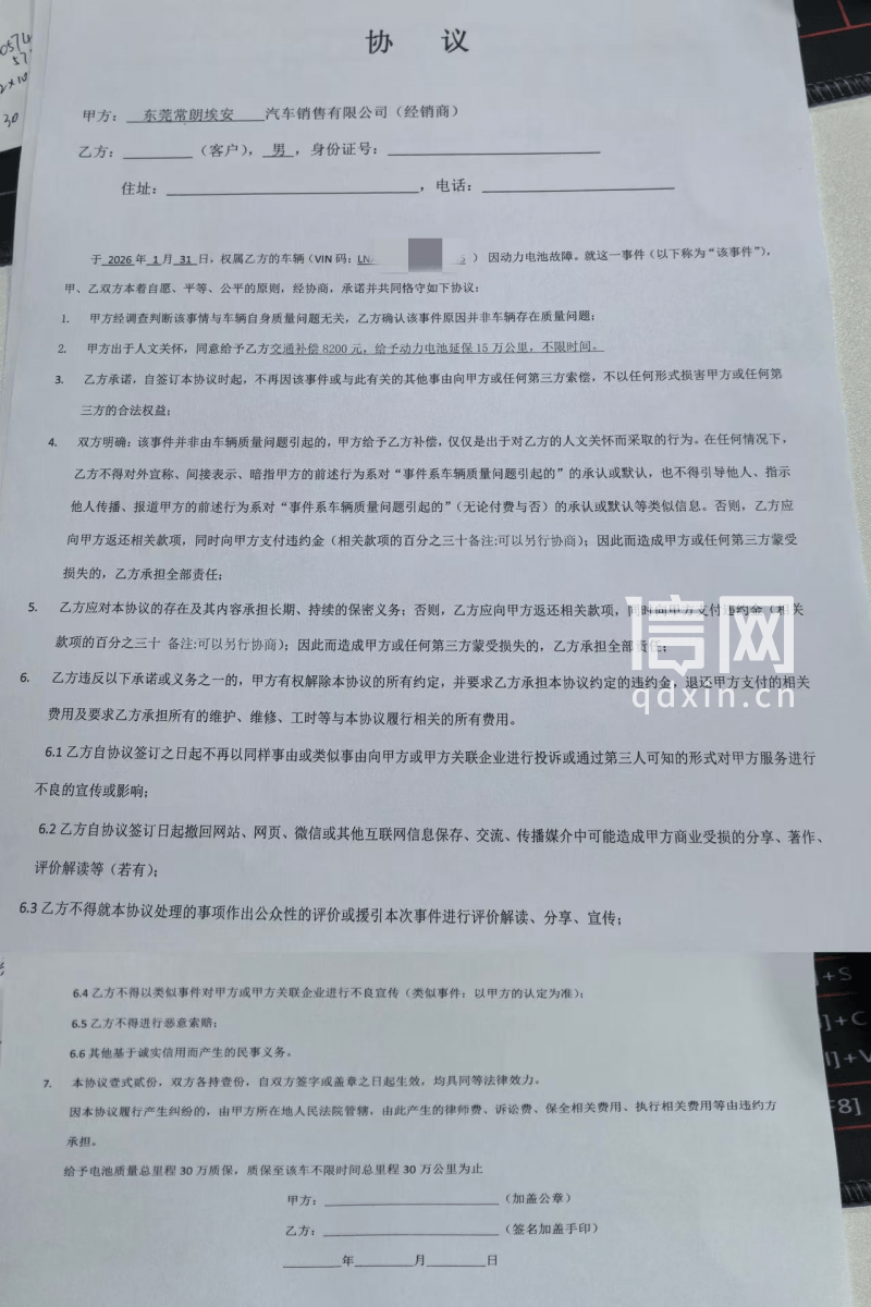 近日,广东的欧阳先生向信号新闻反映,他公司的一辆广汽埃安Y Plus在高速上出现故障,动力、刹车等系统失效。经销商修了46天才修好,送车的时候拿出了一份8200元“交通补偿”的协议,称相关补偿是出于人文关怀,要求欧阳先生认可此前车辆在高速路上发生的故障不是因为质量问题造成,也不得对外宣称或者暗示补偿与车辆质量问题有关。对此,经销商对信号新闻表示,含有“不得传播”等内容的协议是无公章的草拟版本,并非正式有效协议。
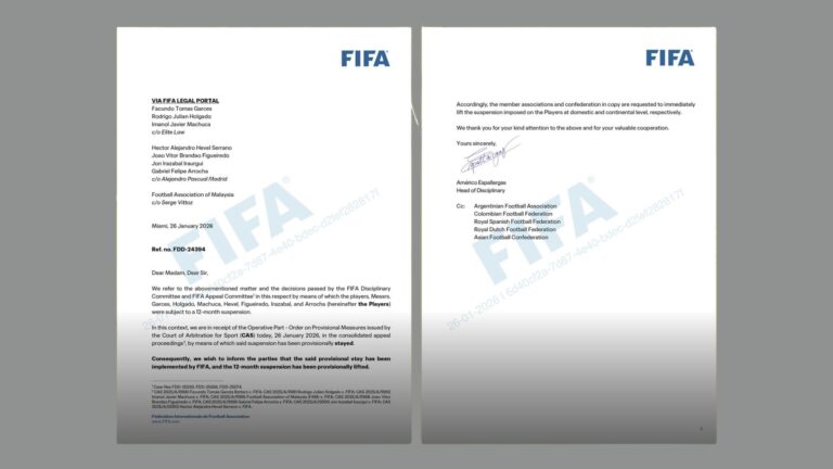 KUALA LUMPUR: Persatuan Bolasepak Malaysia (FAM) melampirkan surat rasmi daripada FIFA yang menggesa persatuan atau badan induk yang terlibat untuk segera mematuhi keputusan Mahkamah Timbang Tara Sukan (CAS) itu.
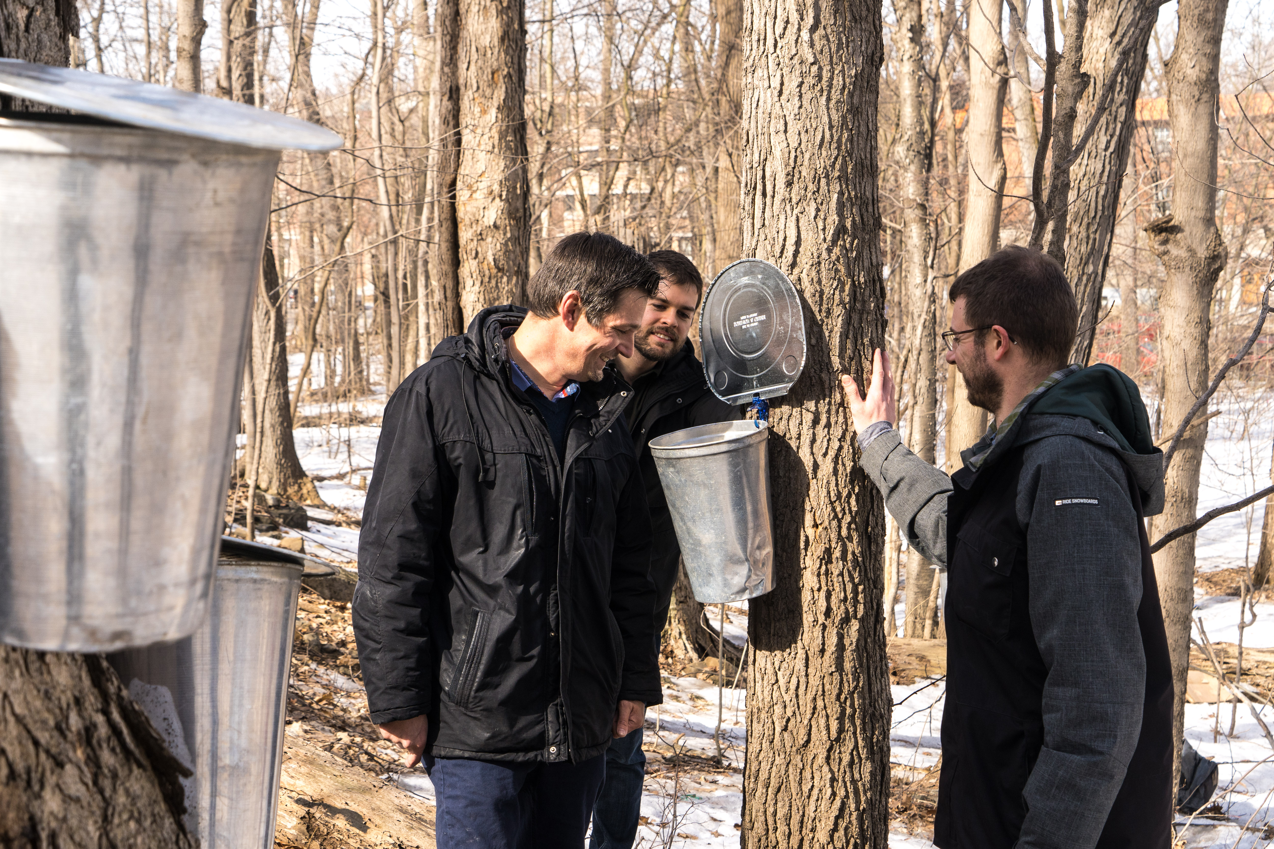 «Avec des arbres de près de 300 ans, c’est une forêt comme celle-là que Jacques-Cartier a dû voir en arrivant», mentionne M. Beaudoin. Il a donc entaillé une quinzaine d’érables, espérant ainsi sensibiliser la communauté universitaire à l’importance des parcelles forestières de toutes tailles, comme cette érablière à caryer qui héberge notamment la salamandre cendrée.
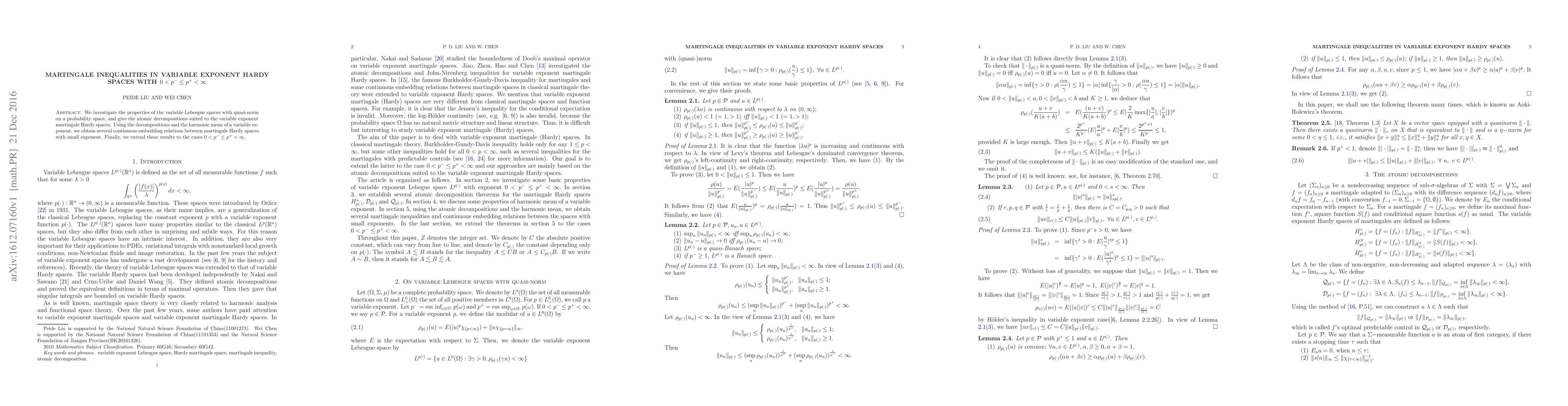 This paper explores the properties of variable Lebesgue spaces on a probability space, providing atomic decompositions for variable exponent martingale Hardy spaces. It establishes continuous embedding relations and extends these findings to variable exponents ranging from $0<p^-\leq p^+<\infty$.
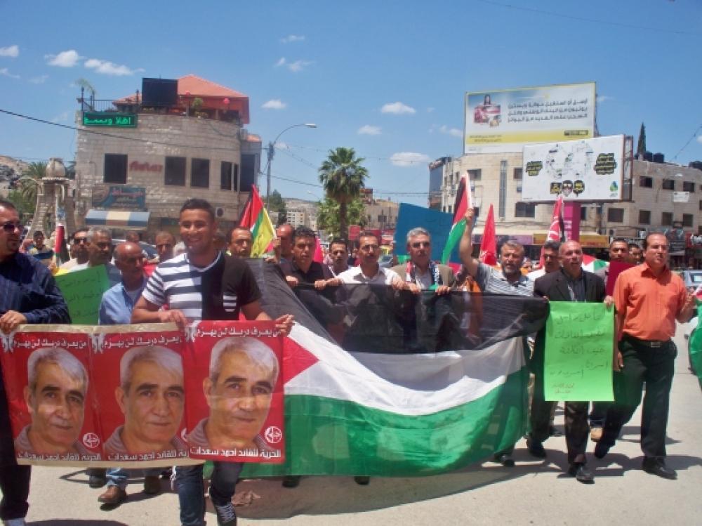 نظمت فعاليات جنين السبت وقفة تضامنية مع الأسرى الإداريين المضربين عن الطعام أكدت على دعم إضراب الأسرى وضرورة إنهاء ملف الاعتقال الإداري. وردد المشاركون هتافات تطالب المجتمع الدولي بالضغط على حكومة الاحتلال من أجل وقف الانتهاكات التعسفية بحقهم واستمرار اعتقالهم. وناشد مدير نادي الأسير في جنين راغب أبو دياك أبناء المحافظة إلى تكثيف حملة التضامن مع الأسرى المضربين عن الطعام لليوم السابع عشر على التوالي، رفضا لسياسة الاعتقال الإداري الجائر بحقهم في ظل تراجع وضعهم الصحي. ودعا النائب في المجلس التشريعي خالد سعيد جماهير الشعب الفلسطيني إلى الالتفاف حول قضية الأسرى في ظل وضع أحوج ما يكونون للوقوف معهم، خاصة بأنهم قدموا الكثير لنا كي نحيا بكرامة على أرض محررة من دنس الاحتلال. وحمل منسق فصائل العمل الوطني والإسلامي عطا غباريه حكومة الاحتلال المسؤولية عن حياة الأسرى في ظل تعنت حكومة الاحتلال الإسرائيلي بالاستجابة لمطالبهم العادلة.
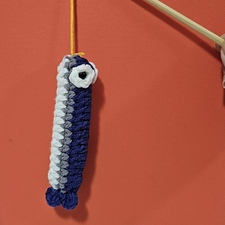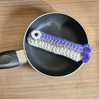 I use medium weight yarn and a 3mm hook. If you want your sardine to be the same size as mine, use any yarn that can fit well on a 3mm/No.5 hook
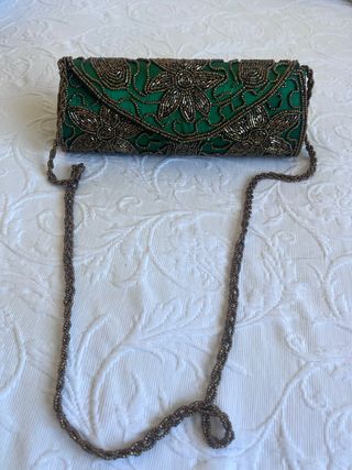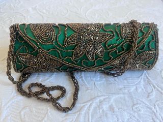 Elegante bolso de mano cilíndrico, perfecto para eventos especiales. - Diseño con forro de satén verde. - Adornado con intrincados bordados de pedrería dorada y cuentas. - Cadena fina para llevar al hombro.
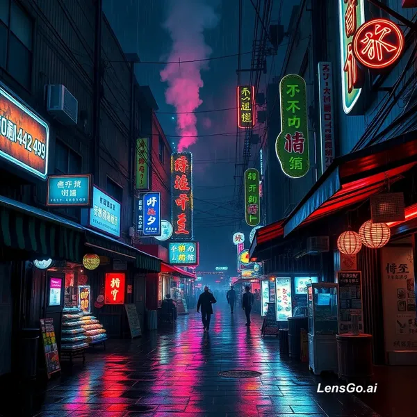 AI Image: Cyberpunk street market in the rain, neon signs and steam rising
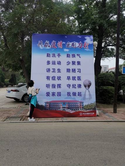 为了迎接返校学生,学校里放置了醒目的祝福展板,在玉龙校园的西门、南门分别设立了防疫测温区、隔离排查区以及各个易直播
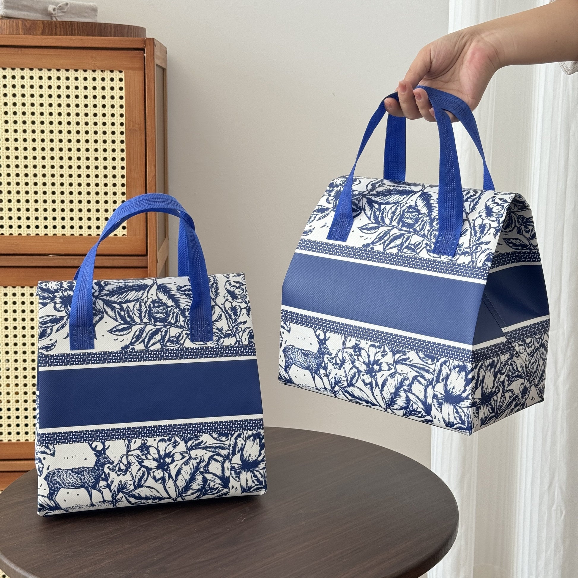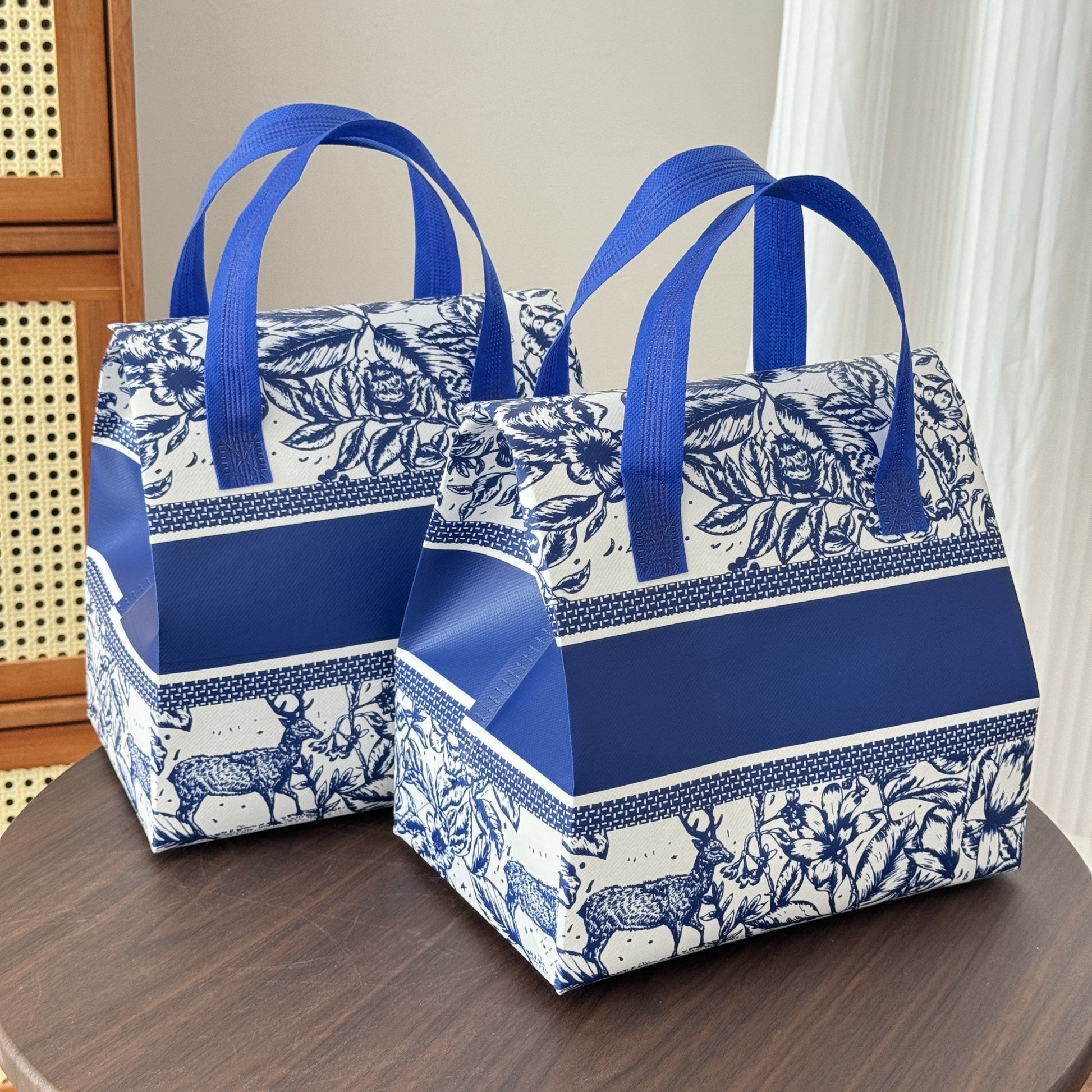 10 ta paket izolyatsiyalangan pizza yetkazib berish sumkasi, ko‘k va oq gullar bilan sovutgichlar, oziq-ovqat xizmatlari
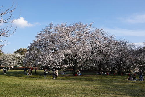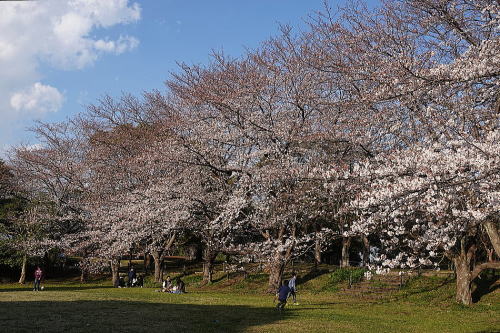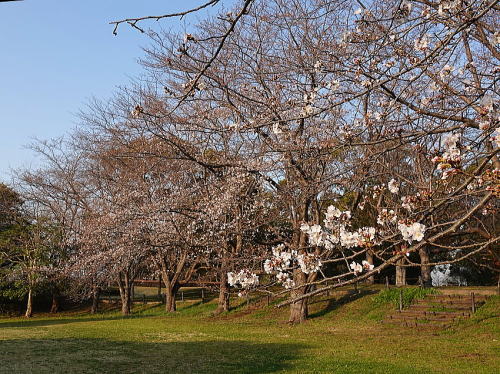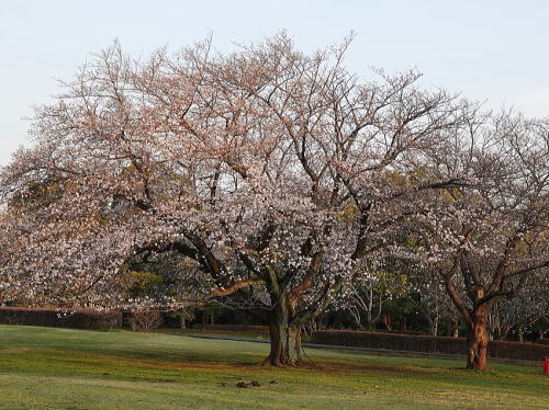 | 桜[3月31日] 昼頃は大勢の花見人で賑わっていたことでしょう。 | 桜[3月31日] しばらく寒かったせいか未だ満開ではありません。 | |
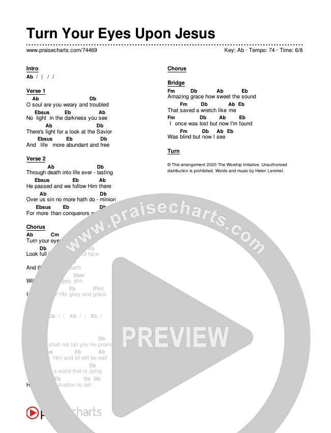 Download the PDF Chord Charts for Turn Your Eyes Upon Jesus by Shane & Shane/The Worship Initiative, from the album Hymns In The Round.
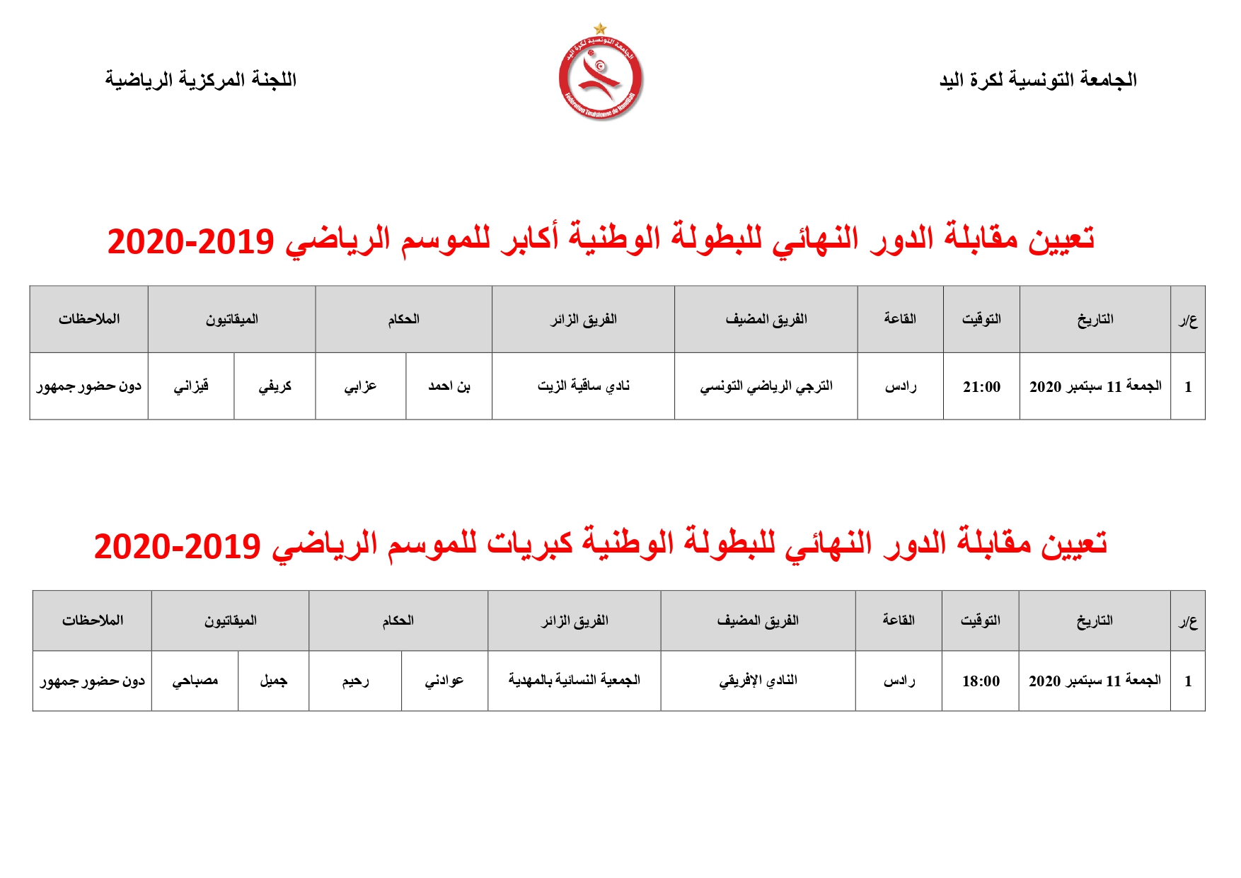 Finales Championnats Hommes & Dames : Désignation des Arbitres

=-=-=

→ Problem statement
An exact copy is needed of the entries above, starting at the line that holds "la salamandre cendrée." and stopping at the line that holds "I use medium", both kept; pictures stay out.

→ Task solution
 «Avec des arbres de près de 300 ans, c’est une forêt comme celle-là que Jacques-Cartier a dû voir en arrivant», mentionne M. Beaudoin. Il a donc entaillé une quinzaine d’érables, espérant ainsi sensibiliser la communauté universitaire à l’importance des parcelles forestières de toutes tailles, comme cette érablière à caryer qui héberge notamment la salamandre cendrée.
 This paper explores the properties of variable Lebesgue spaces on a probability space, providing atomic decompositions for variable exponent martingale Hardy spaces. It establishes continuous embedding relations and extends these findings to variable exponents ranging from $0<p^-\leq p^+<\infty$.
 نظمت فعاليات جنين السبت وقفة تضامنية مع الأسرى الإداريين المضربين عن الطعام أكدت على دعم إضراب الأسرى وضرورة إنهاء ملف الاعتقال الإداري. وردد المشاركون هتافات تطالب المجتمع الدولي بالضغط على حكومة الاحتلال من أجل وقف الانتهاكات التعسفية بحقهم واستمرار اعتقالهم. وناشد مدير نادي الأسير في جنين راغب أبو دياك أبناء المحافظة إلى تكثيف حملة التضامن مع الأسرى المضربين عن الطعام لليوم السابع عشر على التوالي، رفضا لسياسة الاعتقال الإداري الجائر بحقهم في ظل تراجع وضعهم الصحي. ودعا النائب في المجلس التشريعي خالد سعيد جماهير الشعب الفلسطيني إلى الالتفاف حول قضية الأسرى في ظل وضع أحوج ما يكونون للوقوف معهم، خاصة بأنهم قدموا الكثير لنا كي نحيا بكرامة على أرض محررة من دنس الاحتلال. وحمل منسق فصائل العمل الوطني والإسلامي عطا غباريه حكومة الاحتلال المسؤولية عن حياة الأسرى في ظل تعنت حكومة الاحتلال الإسرائيلي بالاستجابة لمطالبهم العادلة.
 I use medium weight yarn and a 3mm hook. If you want your sardine to be the same size as mine, use any yarn that can fit well on a 3mm/No.5 hook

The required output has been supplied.